Label-free detection of viruses on a polymeric surface using liquid crystals.

In this study, we demonstrated a label-free detection of viruses using liquid crystals (LCs) on a polymeric surface with periodic nanostructures. The polymeric nanostructures, which hold sinusoidal anisotropic patterns, were created by a sequential process of poly-(dimethylsiloxane) buckling and replication of the patterns on a poly-(urethane acrylate) surface containing a film of gold. After immobilization of human cytomegalovirus- and adenovirus-antibodies onto the polymeric surface treated with a mixed self-assembled monolayer, a uniform appearance reflecting the uniform orientation of 4-cyano-4'-pentylbiphenyl (5CB) was observed.
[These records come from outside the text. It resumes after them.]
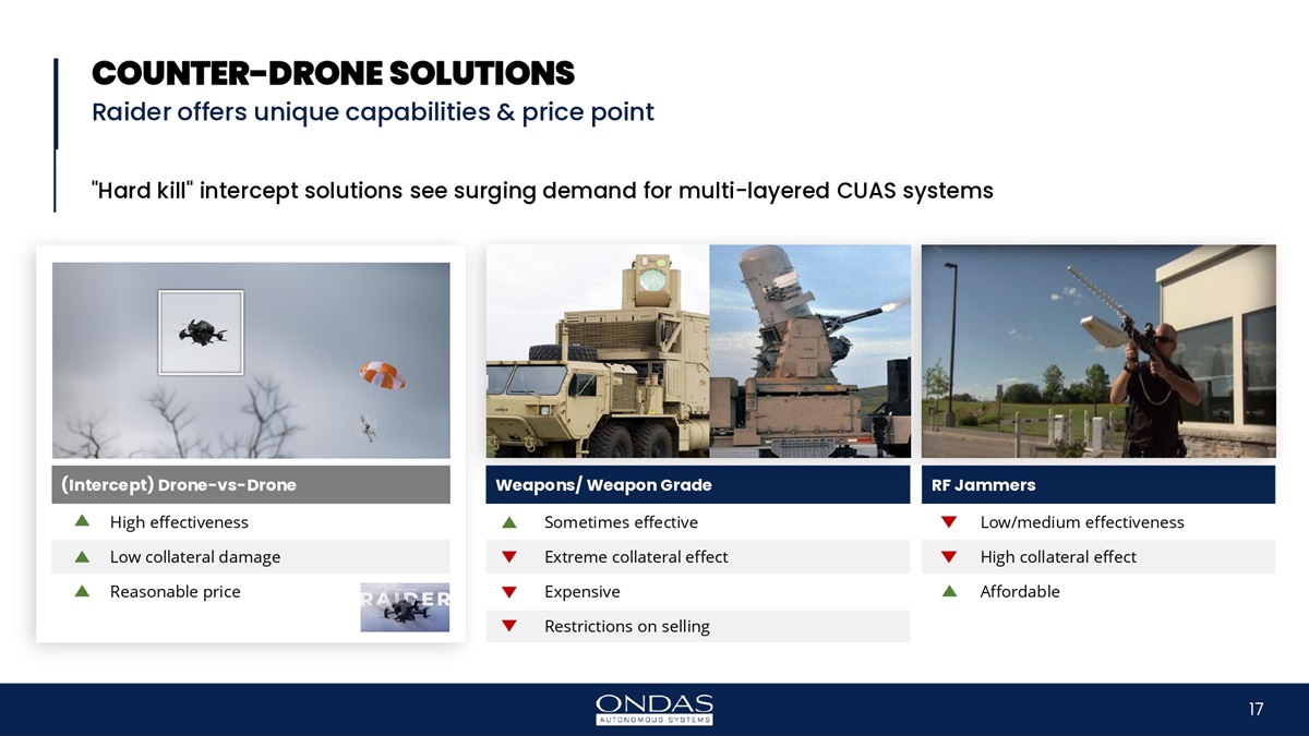 L O WER SKY PROTEC TI ON Vulnerability requiring urgent solution 16 Essentials elements of multi - layered security • Command and control (C2) systems • Radar and other detect technology • GP S & wi r e l e s s c o m m un i c a tio ns j amm i ng • Autonomous “Hard kill” UAS capability • Ground vehicles (for mobility) “THE VULNERABILITY OF THE LOWER SKIES IS UNACCEPTABLE FROM A HOMELAND SECURITY STANDPOINT; THERE IS AN URGENT NEED FOR MULTI - LAYERED SOLUTIONS TO PROTECT CRITICAL LOCATIONS, INFRASTRUCTURE AND POPULATIONS.” – ERIC BROCK, CEO K e y prio ri t ie s o f C U AS i n f r ast ructu r e ▪ Threat mitigation is ultimate objective ▪ Physical interception or capture ▪ Minimize collateral damage ▪ Minimize cost to defend against threat ▪ Establish infrastructure for persistent protection
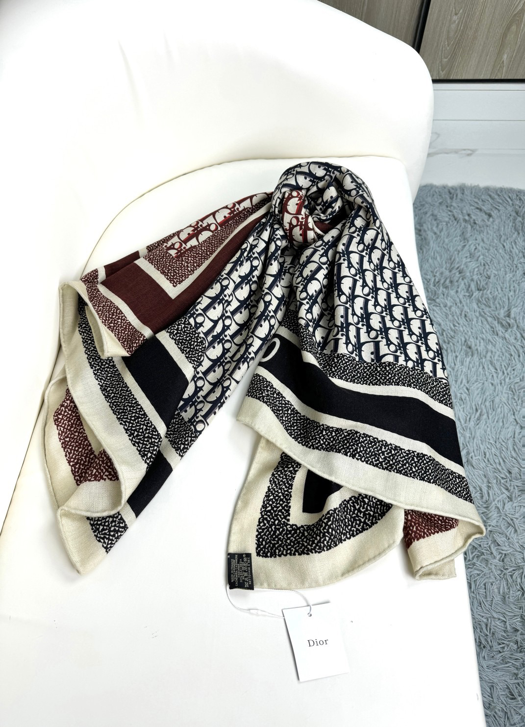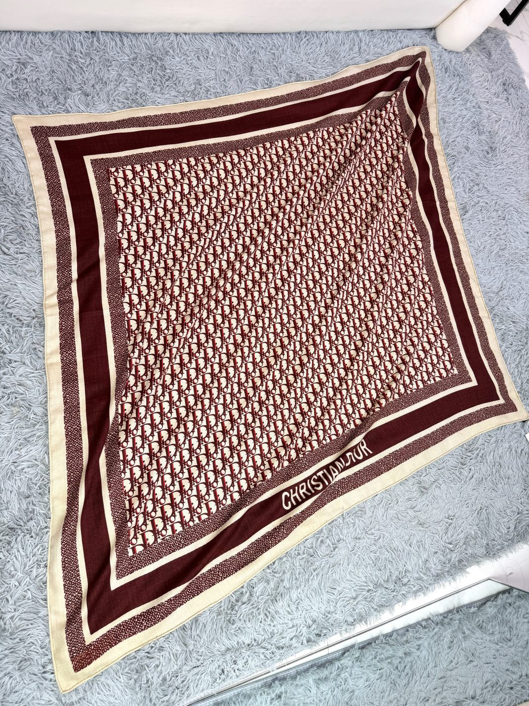 秋冬特惠💰450 迪家围巾【D字母双面方巾】这款方巾采用双色双面设计,向标志性的Obique印花致敬,采用桑蚕丝斜纹面料精心制作,搭配手工缉面线饰边,均饰以同色调“Christian”标志提花条形图案。可系在颈部或头部,打造耀眼夺目的秀场同款造型,度假及日常都非常好搭配的款,订单私流 双面双色,平时穿搭也非常好搭配,整个人看起来都会神采奕奕 好多不用多说,细节品质都看得清楚,绝对获赞的高规格品质 尺寸:140*140cm方巾,70羊绒+30%桑蚕丝定制
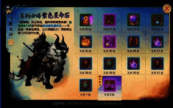 与此同时,参与每日签到活动“星官点卯”活动可领取好礼,连续签到14天更可获得终极大奖——“自选紫色星命石”!
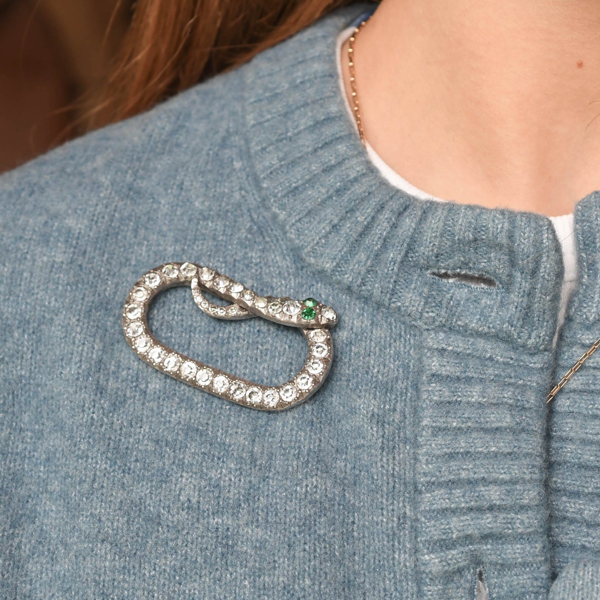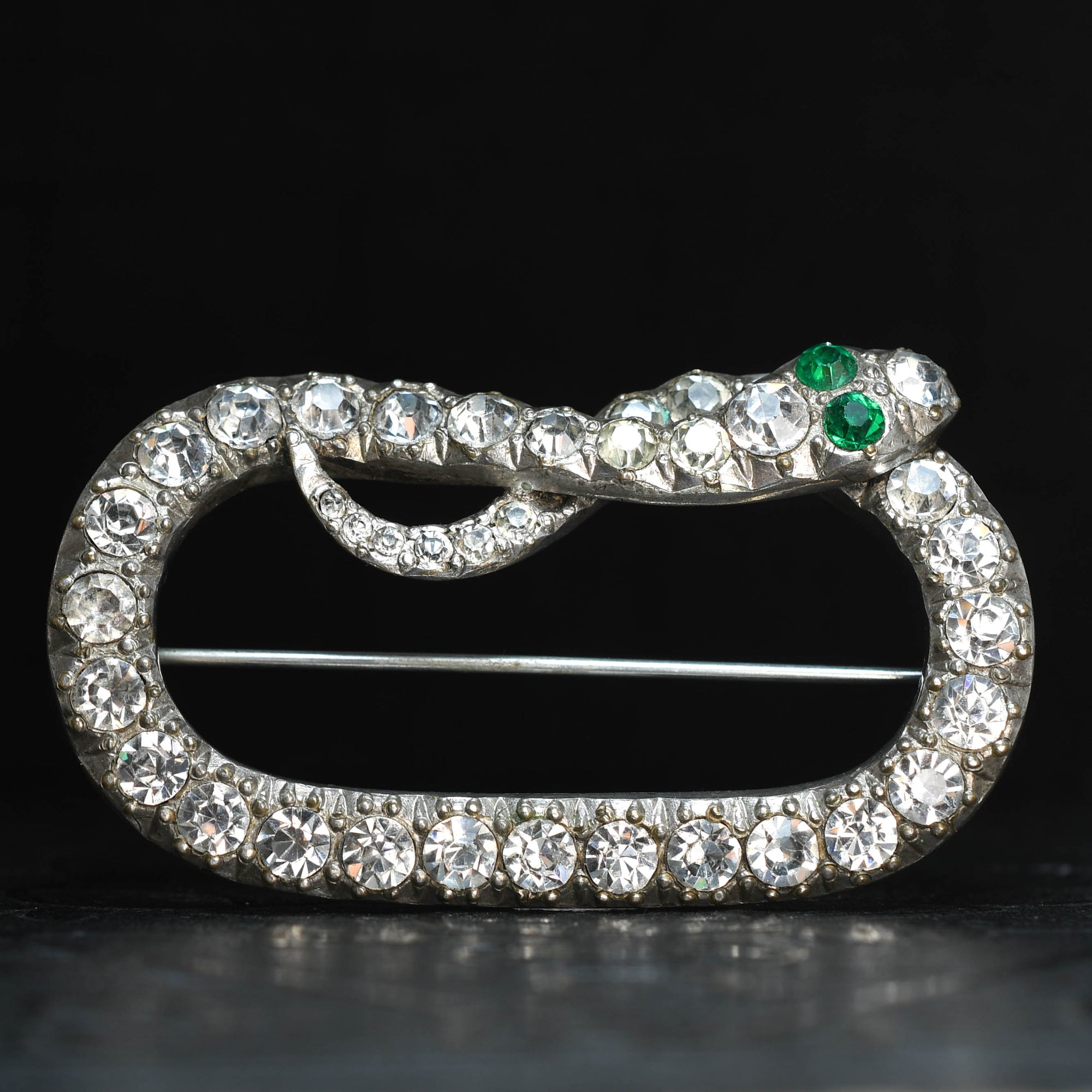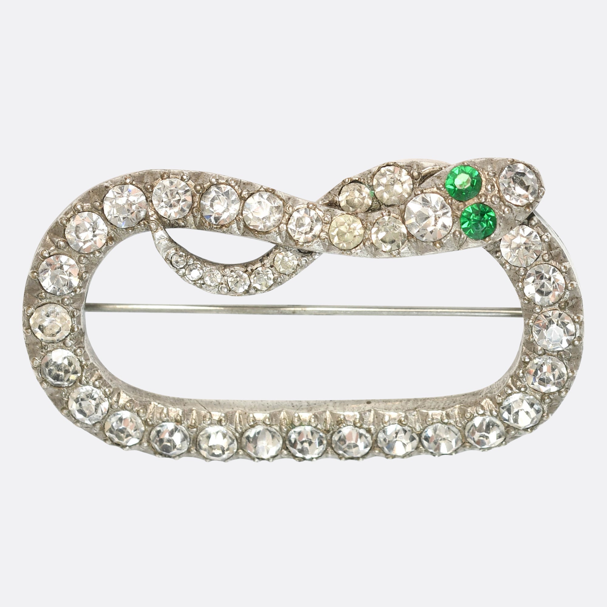 This charming 1920's brooch is modelled as the ouroboros/eternal loop snake. Its body is set with a single row of chunky white paste stones, with two striking green eyes! Its modelled in silver throughout and comes complete with a fitted velvet blue box. Ouroboros is an emblematic serpent of Ancient Egypt and Greece, represented with it's tail in it's mouth, continually devouring itself and being reborn from itself... Its a symbol that represents the concepts of eternity, infinite love and the natural cycle of life.
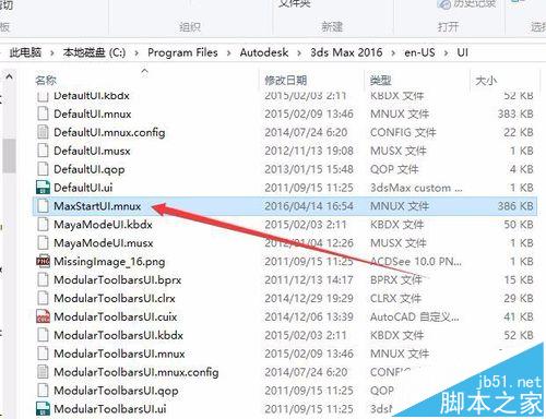 4、如果還是打不開,再打開3D的安裝文件夾,C:/Program Files/Autodesk/3ds Max 2016/en-US/UI,把MaxStartUI.mnux找到,直接冊除它,
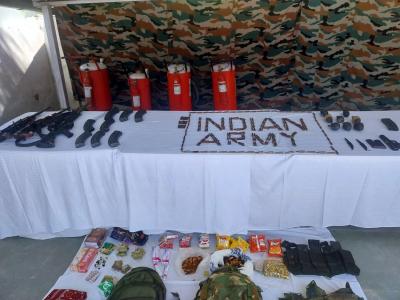 सेना ने दावा किया कि जम्मू क्षेत्र के नौशेरा सेक्टर के लाम इलाके में घुसपैठ विरोधी अभियान के दौरान मारे गए दो आतंकवादियों के पास से भारी मात्रा में हथियार और गोला-बारूद बरामद किया गया है। रक्षा सूत्रों ने बताया कि बरामदगी में दो एके-47 राइफल, विजन डिवाइस के साथ एक एम4 कार्बाइन, एक पिस्तौल, आठ ग्रेनेड, विभिन्न गोला-बारूद, व्यक्तिगत कपड़े और खाद्य पदार्थ शामिल हैं।
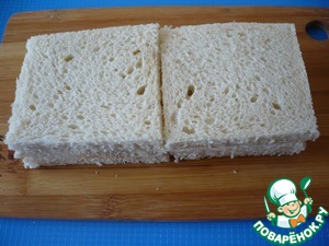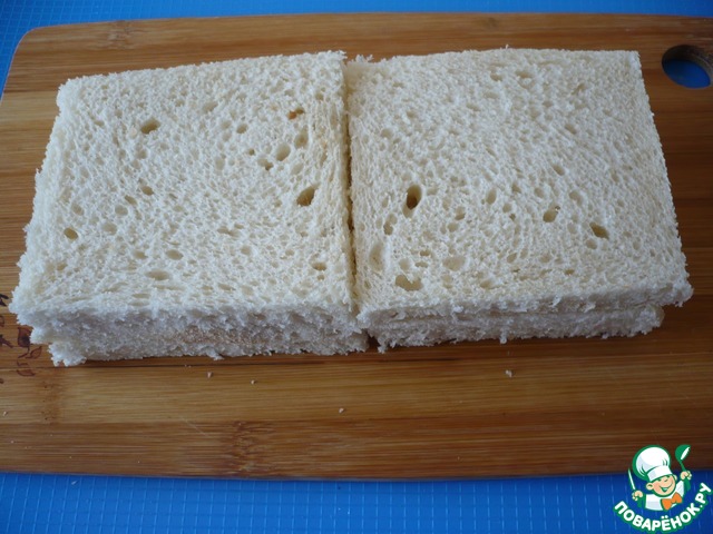 Острым ножом разрежьте хлеб с начинкой вдоль, получив несколько слоистых ломтиков толщиной ~ 1,5 см-2 см.
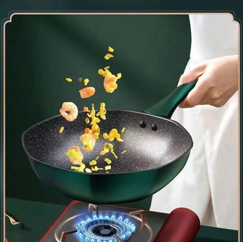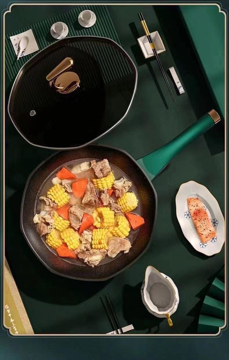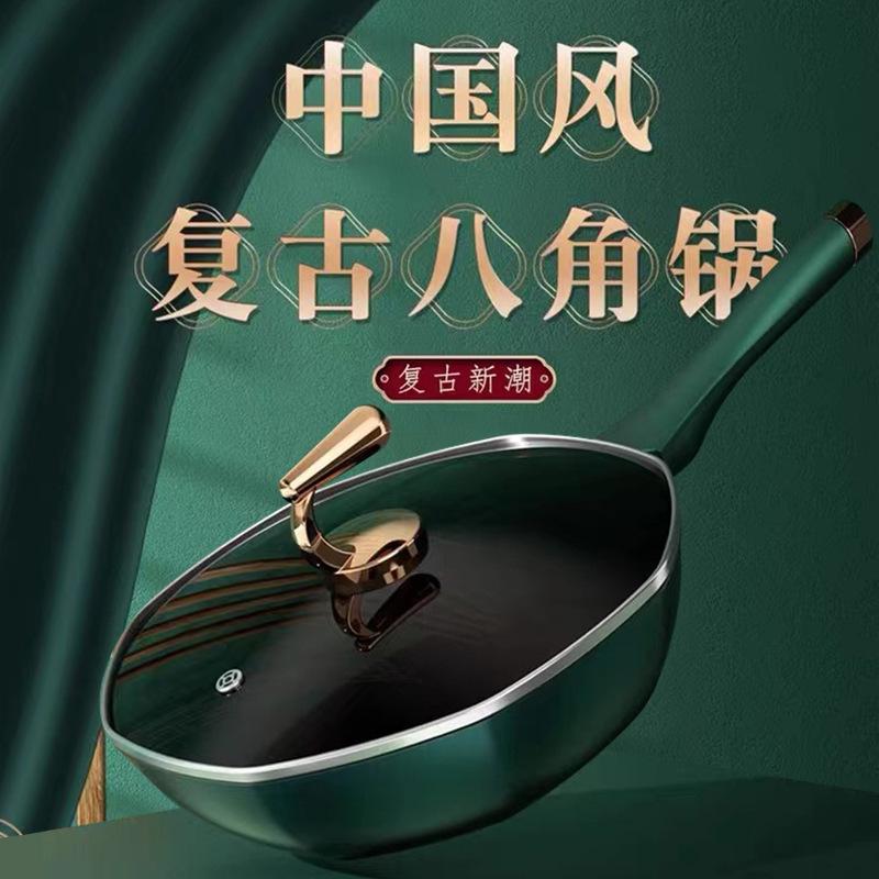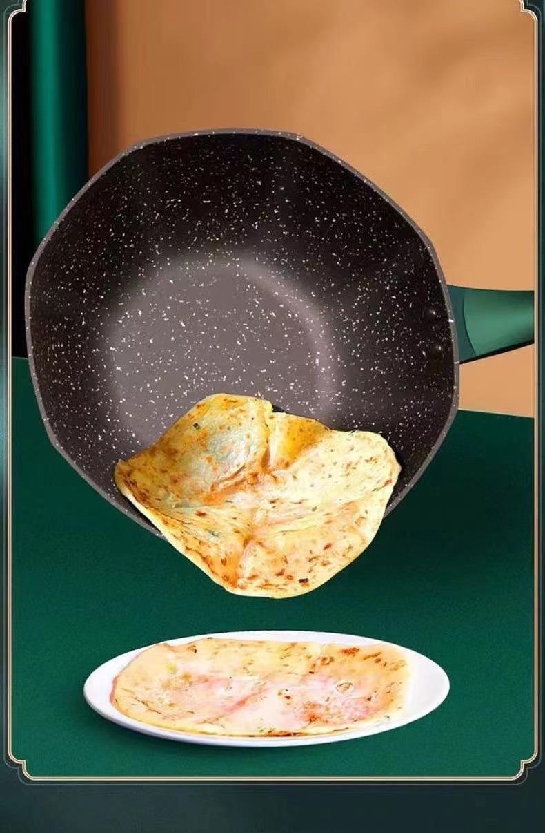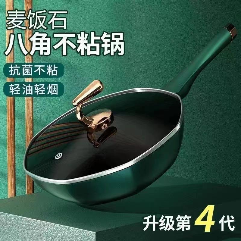 Olla octogonal ligera de lujo Douyin, estilo similar, de piedra medicinal, antiadherente, para cocina de gas doméstica, cocina de inducción, wok universal de fondo plano.

Conversely, binding of viruses to their antibody decorated surface induced a random appearance of 5CB from the random orientation of 5CB. The uniform to random orientational transition of 5CB indicates that the anisotropic topography of the polymeric surface was masked after specific binding of viruses to the antibody decorated surface. We evaluated the specificity of the binding events by confirming topographical changes and optical thickness using atomic force microscopy and ellipsometry, respectively. These results demonstrate that polymeric surfaces with continuous anisotropic patterns can be used to amplify the presence of nanoscopic virions into an optical response of LC, as well as expand the scope of LC-based biological detection on polymeric solid surfaces.